### TASK DESCRIPTION
Since the copy must match the original, write out each record word for word, skipping only the pictures.

>>>

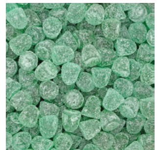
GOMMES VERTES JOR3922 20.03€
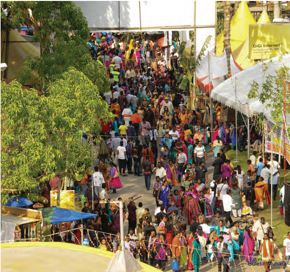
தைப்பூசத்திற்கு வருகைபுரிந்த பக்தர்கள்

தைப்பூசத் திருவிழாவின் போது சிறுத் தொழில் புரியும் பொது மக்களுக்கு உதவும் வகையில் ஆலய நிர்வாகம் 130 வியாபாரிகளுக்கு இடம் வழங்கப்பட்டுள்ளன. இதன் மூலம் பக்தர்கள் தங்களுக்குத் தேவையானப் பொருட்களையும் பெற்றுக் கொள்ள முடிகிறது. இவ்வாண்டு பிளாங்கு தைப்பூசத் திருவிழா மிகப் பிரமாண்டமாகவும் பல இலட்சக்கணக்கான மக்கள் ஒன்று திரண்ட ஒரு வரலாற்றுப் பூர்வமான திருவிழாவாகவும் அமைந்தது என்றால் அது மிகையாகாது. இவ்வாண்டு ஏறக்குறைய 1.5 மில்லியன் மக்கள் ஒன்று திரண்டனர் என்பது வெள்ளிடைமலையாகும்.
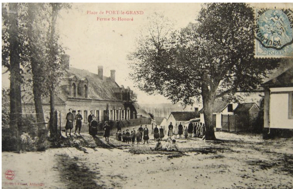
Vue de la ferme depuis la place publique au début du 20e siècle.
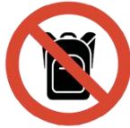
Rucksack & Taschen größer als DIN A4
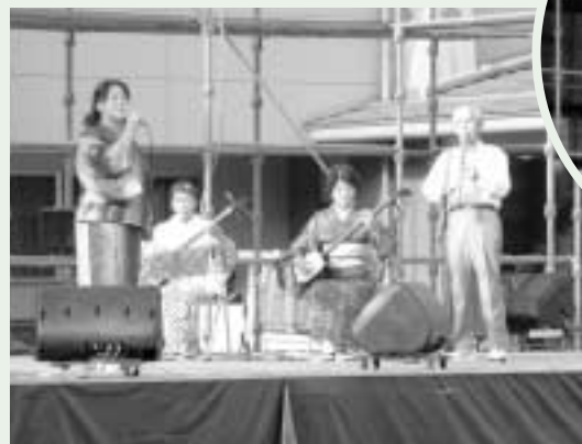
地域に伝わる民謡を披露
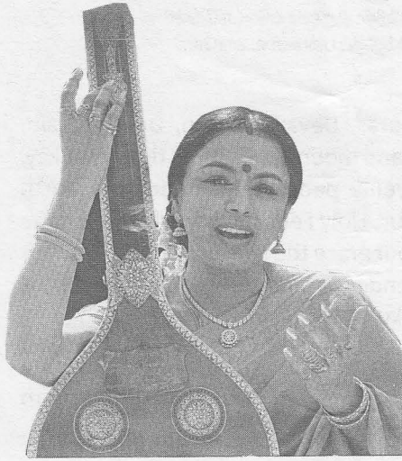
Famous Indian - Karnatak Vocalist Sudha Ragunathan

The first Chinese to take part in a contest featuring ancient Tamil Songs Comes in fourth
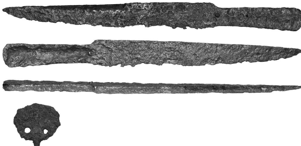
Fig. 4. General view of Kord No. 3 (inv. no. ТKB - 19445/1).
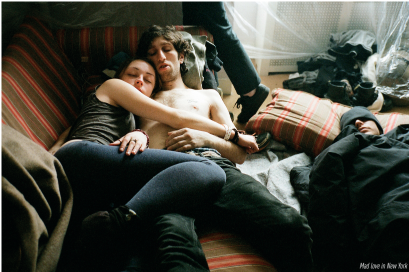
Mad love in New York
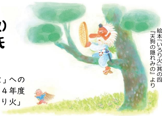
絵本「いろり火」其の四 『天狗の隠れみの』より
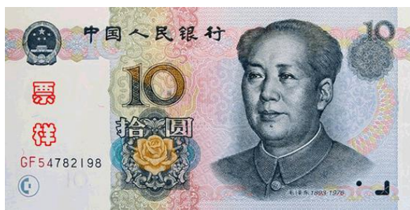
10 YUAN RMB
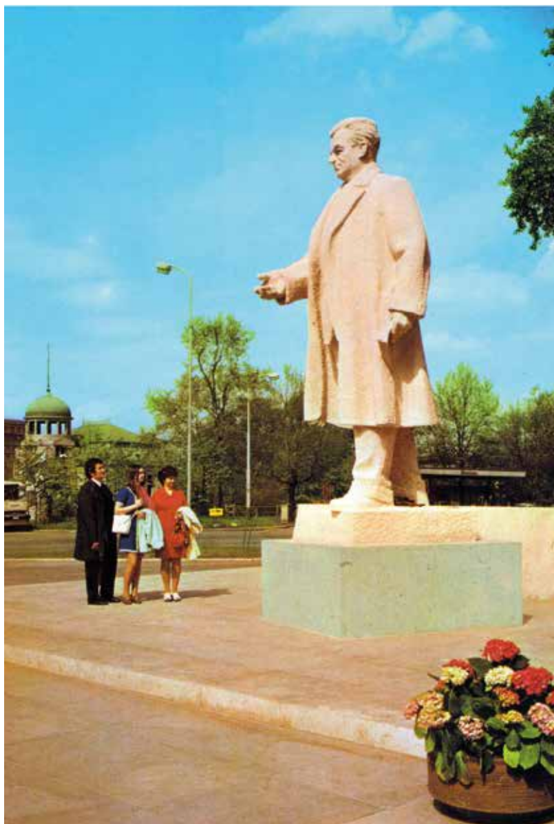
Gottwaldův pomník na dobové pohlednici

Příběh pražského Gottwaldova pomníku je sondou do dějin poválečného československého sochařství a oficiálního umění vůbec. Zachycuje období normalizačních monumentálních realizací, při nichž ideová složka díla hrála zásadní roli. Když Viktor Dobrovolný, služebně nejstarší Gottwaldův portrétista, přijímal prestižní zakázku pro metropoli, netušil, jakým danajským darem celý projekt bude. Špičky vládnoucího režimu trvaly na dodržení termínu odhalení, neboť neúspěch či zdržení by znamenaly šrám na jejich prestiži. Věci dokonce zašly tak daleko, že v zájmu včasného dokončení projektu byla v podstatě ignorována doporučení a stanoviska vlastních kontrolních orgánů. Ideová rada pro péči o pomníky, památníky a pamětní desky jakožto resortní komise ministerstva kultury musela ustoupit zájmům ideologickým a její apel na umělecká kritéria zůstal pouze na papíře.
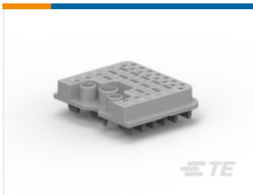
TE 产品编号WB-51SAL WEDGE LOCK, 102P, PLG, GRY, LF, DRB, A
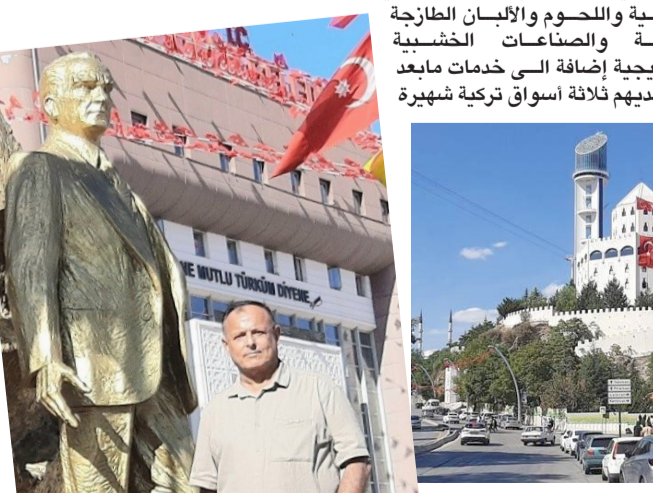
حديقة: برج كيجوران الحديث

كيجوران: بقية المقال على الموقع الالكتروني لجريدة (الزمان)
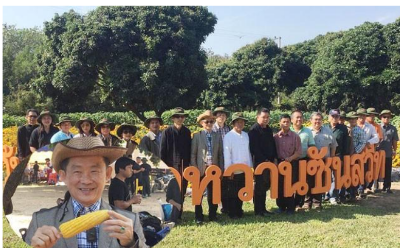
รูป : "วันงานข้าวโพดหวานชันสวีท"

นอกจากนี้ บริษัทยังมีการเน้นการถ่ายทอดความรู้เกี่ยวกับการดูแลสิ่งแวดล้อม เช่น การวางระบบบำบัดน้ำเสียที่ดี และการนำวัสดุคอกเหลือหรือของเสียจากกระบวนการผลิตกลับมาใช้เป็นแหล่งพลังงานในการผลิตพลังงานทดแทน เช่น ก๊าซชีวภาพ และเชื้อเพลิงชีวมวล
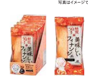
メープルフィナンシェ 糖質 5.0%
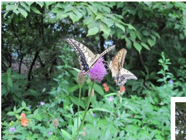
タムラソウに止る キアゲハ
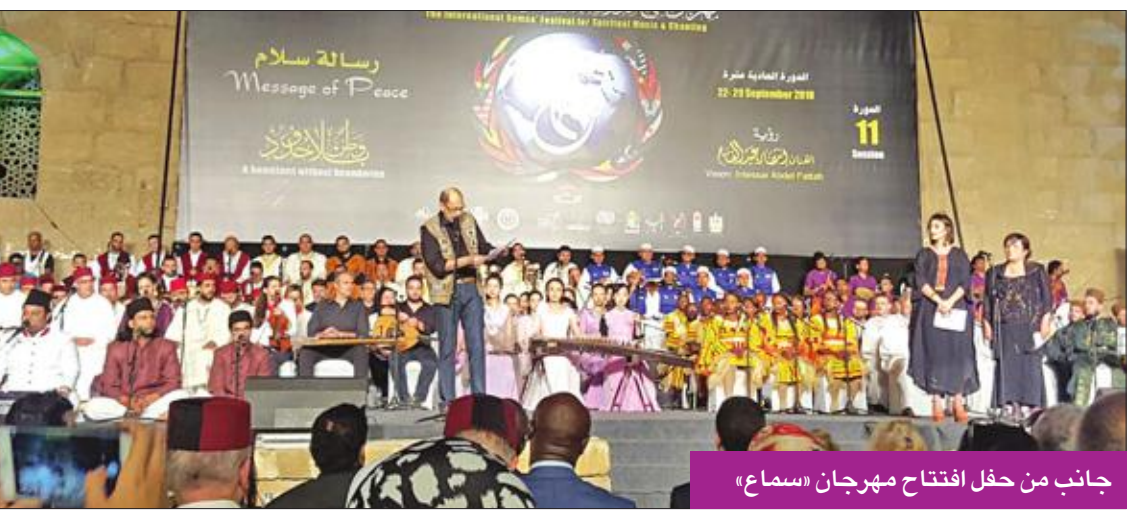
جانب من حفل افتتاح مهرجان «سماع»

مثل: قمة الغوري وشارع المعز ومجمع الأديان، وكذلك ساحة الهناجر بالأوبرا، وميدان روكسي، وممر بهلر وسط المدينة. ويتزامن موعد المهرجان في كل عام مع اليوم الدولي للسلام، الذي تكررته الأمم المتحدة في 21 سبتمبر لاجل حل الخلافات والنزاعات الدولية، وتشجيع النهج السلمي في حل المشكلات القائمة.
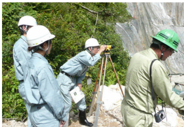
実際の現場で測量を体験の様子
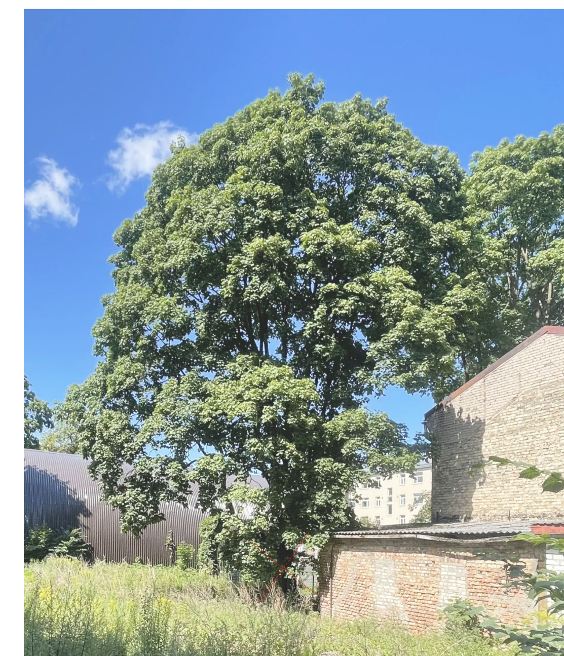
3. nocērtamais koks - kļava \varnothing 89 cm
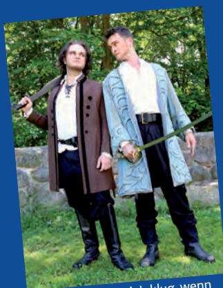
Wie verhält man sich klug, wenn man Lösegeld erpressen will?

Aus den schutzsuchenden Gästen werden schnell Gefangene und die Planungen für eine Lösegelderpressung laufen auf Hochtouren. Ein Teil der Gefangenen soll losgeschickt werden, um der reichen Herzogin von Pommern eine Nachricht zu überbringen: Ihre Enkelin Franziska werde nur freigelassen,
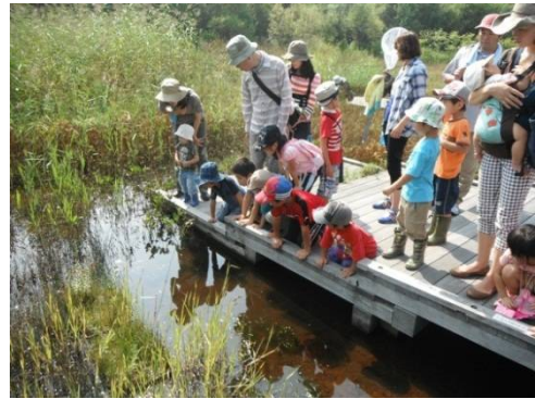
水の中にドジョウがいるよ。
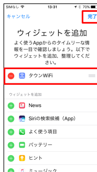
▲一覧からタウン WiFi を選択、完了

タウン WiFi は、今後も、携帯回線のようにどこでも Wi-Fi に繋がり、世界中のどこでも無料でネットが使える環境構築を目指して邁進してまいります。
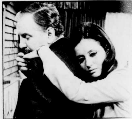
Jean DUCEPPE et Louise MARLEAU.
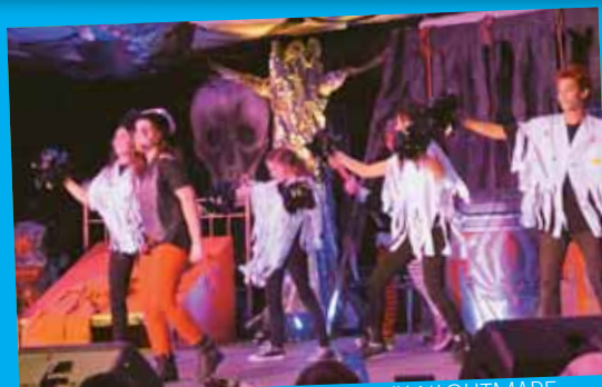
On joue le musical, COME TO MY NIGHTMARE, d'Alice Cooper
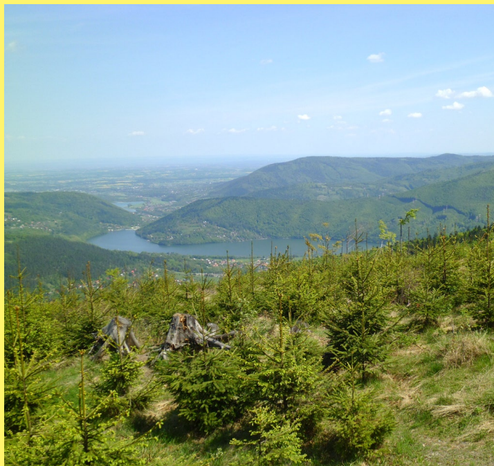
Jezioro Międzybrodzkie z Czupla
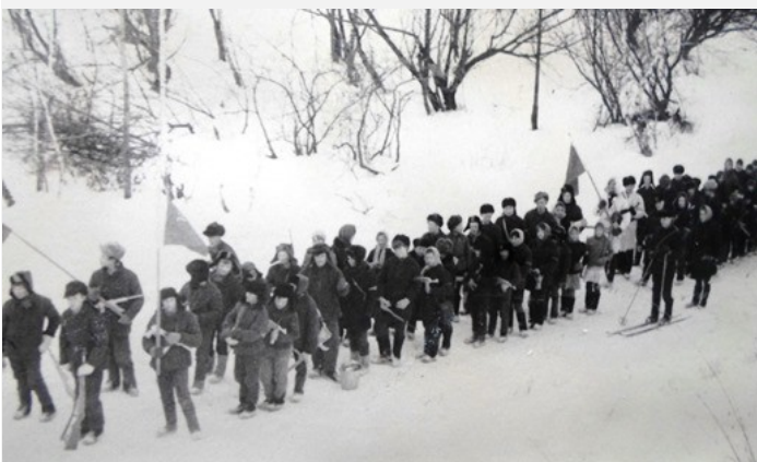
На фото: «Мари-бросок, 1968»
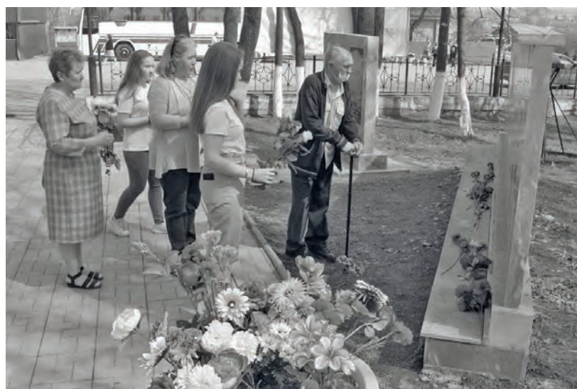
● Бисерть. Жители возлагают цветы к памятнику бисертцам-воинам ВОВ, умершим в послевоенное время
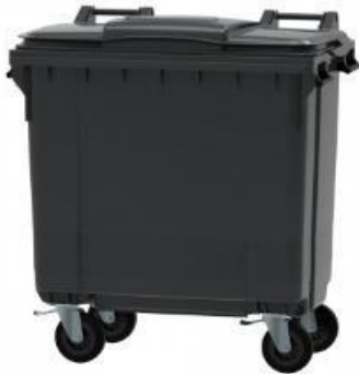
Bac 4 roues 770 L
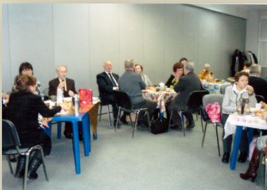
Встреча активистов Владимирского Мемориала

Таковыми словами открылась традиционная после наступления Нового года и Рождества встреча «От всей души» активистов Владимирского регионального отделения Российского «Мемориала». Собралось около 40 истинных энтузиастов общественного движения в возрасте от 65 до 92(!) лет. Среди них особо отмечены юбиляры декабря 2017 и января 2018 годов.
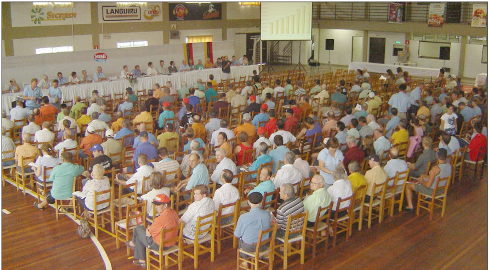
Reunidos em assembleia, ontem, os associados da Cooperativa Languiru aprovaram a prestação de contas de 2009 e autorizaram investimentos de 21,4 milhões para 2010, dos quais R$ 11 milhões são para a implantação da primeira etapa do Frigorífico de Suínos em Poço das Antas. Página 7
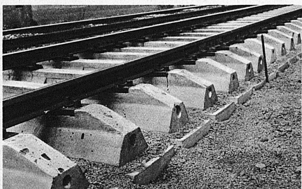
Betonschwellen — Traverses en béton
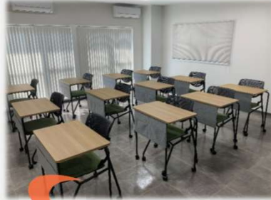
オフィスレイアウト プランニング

<<<

### YOUR SOLUTION
GOMMES VERTES JOR3922 20.03€
தைப்பூசத்திற்கு வருகைபுரிந்த பக்தர்கள்

தைப்பூசத் திருவிழாவின் போது சிறுத் தொழில் புரியும் பொது மக்களுக்கு உதவும் வகையில் ஆலய நிர்வாகம் 130 வியாபாரிகளுக்கு இடம் வழங்கப்பட்டுள்ளன. இதன் மூலம் பக்தர்கள் தங்களுக்குத் தேவையானப் பொருட்களையும் பெற்றுக் கொள்ள முடிகிறது. இவ்வாண்டு பிளாங்கு தைப்பூசத் திருவிழா மிகப் பிரமாண்டமாகவும் பல இலட்சக்கணக்கான மக்கள் ஒன்று திரண்ட ஒரு வரலாற்றுப் பூர்வமான திருவிழாவாகவும் அமைந்தது என்றால் அது மிகையாகாது. இவ்வாண்டு ஏறக்குறைய 1.5 மில்லியன் மக்கள் ஒன்று திரண்டனர் என்பது வெள்ளிடைமலையாகும்.
Vue de la ferme depuis la place publique au début du 20e siècle.
Rucksack & Taschen größer als DIN A4
地域に伝わる民謡を披露
Famous Indian - Karnatak Vocalist Sudha Ragunathan

The first Chinese to take part in a contest featuring ancient Tamil Songs Comes in fourth
Fig. 4. General view of Kord No. 3 (inv. no. ТKB - 19445/1).
Mad love in New York
絵本「いろり火」其の四 『天狗の隠れみの』より
10 YUAN RMB
Gottwaldův pomník na dobové pohlednici

Příběh pražského Gottwaldova pomníku je sondou do dějin poválečného československého sochařství a oficiálního umění vůbec. Zachycuje období normalizačních monumentálních realizací, při nichž ideová složka díla hrála zásadní roli. Když Viktor Dobrovolný, služebně nejstarší Gottwaldův portrétista, přijímal prestižní zakázku pro metropoli, netušil, jakým danajským darem celý projekt bude. Špičky vládnoucího režimu trvaly na dodržení termínu odhalení, neboť neúspěch či zdržení by znamenaly šrám na jejich prestiži. Věci dokonce zašly tak daleko, že v zájmu včasného dokončení projektu byla v podstatě ignorována doporučení a stanoviska vlastních kontrolních orgánů. Ideová rada pro péči o pomníky, památníky a pamětní desky jakožto resortní komise ministerstva kultury musela ustoupit zájmům ideologickým a její apel na umělecká kritéria zůstal pouze na papíře.
TE 产品编号WB-51SAL WEDGE LOCK, 102P, PLG, GRY, LF, DRB, A
حديقة: برج كيجوران الحديث

كيجوران: بقية المقال على الموقع الالكتروني لجريدة (الزمان)
รูป : "วันงานข้าวโพดหวานชันสวีท"

นอกจากนี้ บริษัทยังมีการเน้นการถ่ายทอดความรู้เกี่ยวกับการดูแลสิ่งแวดล้อม เช่น การวางระบบบำบัดน้ำเสียที่ดี และการนำวัสดุคอกเหลือหรือของเสียจากกระบวนการผลิตกลับมาใช้เป็นแหล่งพลังงานในการผลิตพลังงานทดแทน เช่น ก๊าซชีวภาพ และเชื้อเพลิงชีวมวล
メープルフィナンシェ 糖質 5.0%
タムラソウに止る キアゲハ
جانب من حفل افتتاح مهرجان «سماع»

مثل: قمة الغوري وشارع المعز ومجمع الأديان، وكذلك ساحة الهناجر بالأوبرا، وميدان روكسي، وممر بهلر وسط المدينة. ويتزامن موعد المهرجان في كل عام مع اليوم الدولي للسلام، الذي تكررته الأمم المتحدة في 21 سبتمبر لاجل حل الخلافات والنزاعات الدولية، وتشجيع النهج السلمي في حل المشكلات القائمة.
実際の現場で測量を体験の様子
3. nocērtamais koks - kļava \varnothing 89 cm
Wie verhält man sich klug, wenn man Lösegeld erpressen will?

Aus den schutzsuchenden Gästen werden schnell Gefangene und die Planungen für eine Lösegelderpressung laufen auf Hochtouren. Ein Teil der Gefangenen soll losgeschickt werden, um der reichen Herzogin von Pommern eine Nachricht zu überbringen: Ihre Enkelin Franziska werde nur freigelassen,
水の中にドジョウがいるよ。
▲一覧からタウン WiFi を選択、完了

タウン WiFi は、今後も、携帯回線のようにどこでも Wi-Fi に繋がり、世界中のどこでも無料でネットが使える環境構築を目指して邁進してまいります。
Jean DUCEPPE et Louise MARLEAU.
On joue le musical, COME TO MY NIGHTMARE, d'Alice Cooper
Jezioro Międzybrodzkie z Czupla
На фото: «Мари-бросок, 1968»
● Бисерть. Жители возлагают цветы к памятнику бисертцам-воинам ВОВ, умершим в послевоенное время
Bac 4 roues 770 L
Встреча активистов Владимирского Мемориала

Таковыми словами открылась традиционная после наступления Нового года и Рождества встреча «От всей души» активистов Владимирского регионального отделения Российского «Мемориала». Собралось около 40 истинных энтузиастов общественного движения в возрасте от 65 до 92(!) лет. Среди них особо отмечены юбиляры декабря 2017 и января 2018 годов.
Reunidos em assembleia, ontem, os associados da Cooperativa Languiru aprovaram a prestação de contas de 2009 e autorizaram investimentos de 21,4 milhões para 2010, dos quais R$ 11 milhões são para a implantação da primeira etapa do Frigorífico de Suínos em Poço das Antas. Página 7
Betonschwellen — Traverses en béton
オフィスレイアウト プランニング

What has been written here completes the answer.